(Data below)

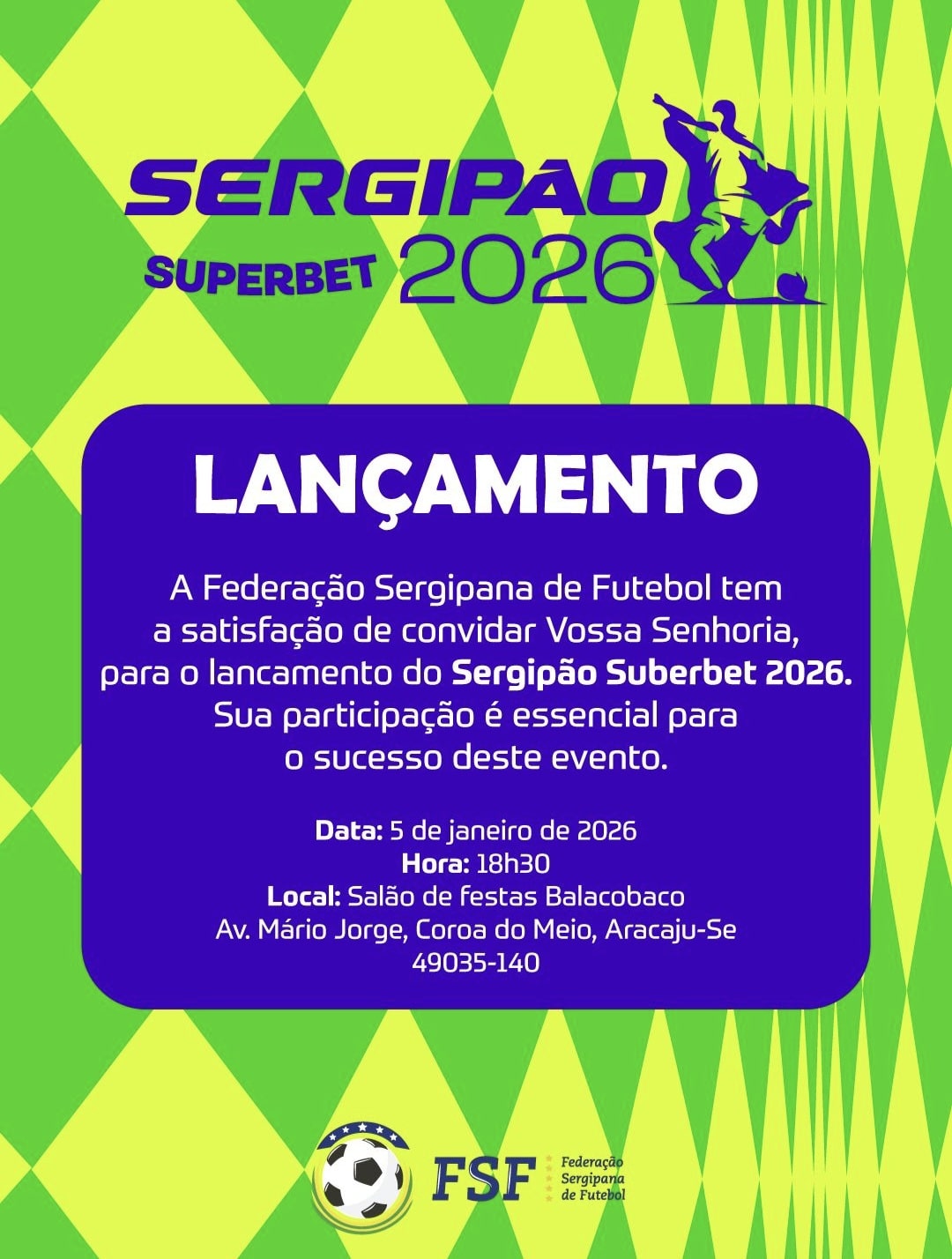 A solenidade de lançamento do Sergipão SuperBet 2026, vai contar com as presenças dos dirigentes das equipes do estadual, autoridades esportivas e convidados especiais. Na oportunidade, o presidente da FSF, Milton Dantas, fará uma demonstração de como será a competição e vai anunciar os nomes dos patrocinadores oficiais, dos apoios e parcerias firmadas para esta temporada.
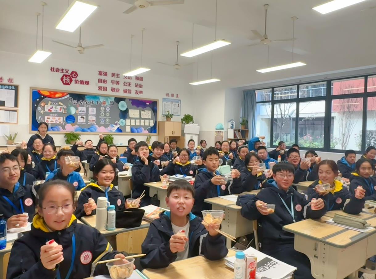 “这青菜也太甜了吧!”“这是我吃过最好吃的青菜炒年糕!”“明年我们种什么呢?”浙江省金华市南苑初级中学702班的教室里,传出阵阵讨论声。走近教室,原来是他们正在品尝自己亲手种的青菜。你看,同学们的碗里盛满了青菜炒年糕,他们一个个吃得津津有味,青菜的清香混合着年糕的软糯、香肠的咸香,弥漫在702教室。
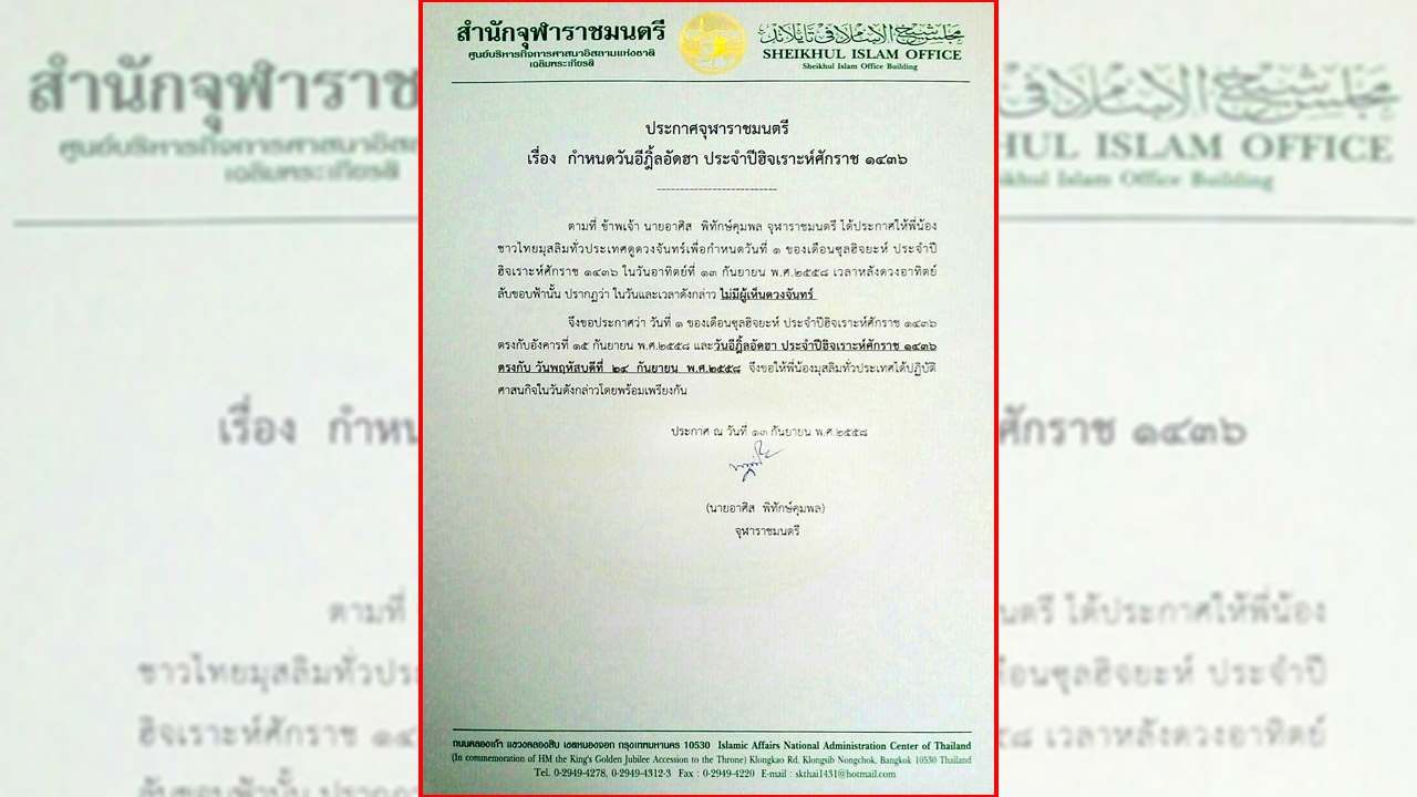 จึงขอประกาศว่า วันที่ 1 ของเดือนซุลฮิจยะห์ ประจำปีฮิจเราะห์ศักราช 1436 ตรงกับวันอังคารที่ 15 กันยายน พ.ศ. 2558 และวันอีฎิ้ลอัดฮา ประจำปีฮิจเราะห์ศักราช 1436 ตรงกับ วันพฤหัสบดีที่ 24 กันยายน พ.ศ. 2558 จึงขอให้พี่น้องมุสลิมทั่วประเทศ ได้ปฏิบัติศาสนกิจ ในวันดังกล่าวโดยพร้อมเพรียงกัน.

(End Data below)

Exercise requirements: Output the whole listing exactly. Pictures stay out.

Output:
 A solenidade de lançamento do Sergipão SuperBet 2026, vai contar com as presenças dos dirigentes das equipes do estadual, autoridades esportivas e convidados especiais. Na oportunidade, o presidente da FSF, Milton Dantas, fará uma demonstração de como será a competição e vai anunciar os nomes dos patrocinadores oficiais, dos apoios e parcerias firmadas para esta temporada.
 “这青菜也太甜了吧!”“这是我吃过最好吃的青菜炒年糕!”“明年我们种什么呢?”浙江省金华市南苑初级中学702班的教室里,传出阵阵讨论声。走近教室,原来是他们正在品尝自己亲手种的青菜。你看,同学们的碗里盛满了青菜炒年糕,他们一个个吃得津津有味,青菜的清香混合着年糕的软糯、香肠的咸香,弥漫在702教室。
 จึงขอประกาศว่า วันที่ 1 ของเดือนซุลฮิจยะห์ ประจำปีฮิจเราะห์ศักราช 1436 ตรงกับวันอังคารที่ 15 กันยายน พ.ศ. 2558 และวันอีฎิ้ลอัดฮา ประจำปีฮิจเราะห์ศักราช 1436 ตรงกับ วันพฤหัสบดีที่ 24 กันยายน พ.ศ. 2558 จึงขอให้พี่น้องมุสลิมทั่วประเทศ ได้ปฏิบัติศาสนกิจ ในวันดังกล่าวโดยพร้อมเพรียงกัน.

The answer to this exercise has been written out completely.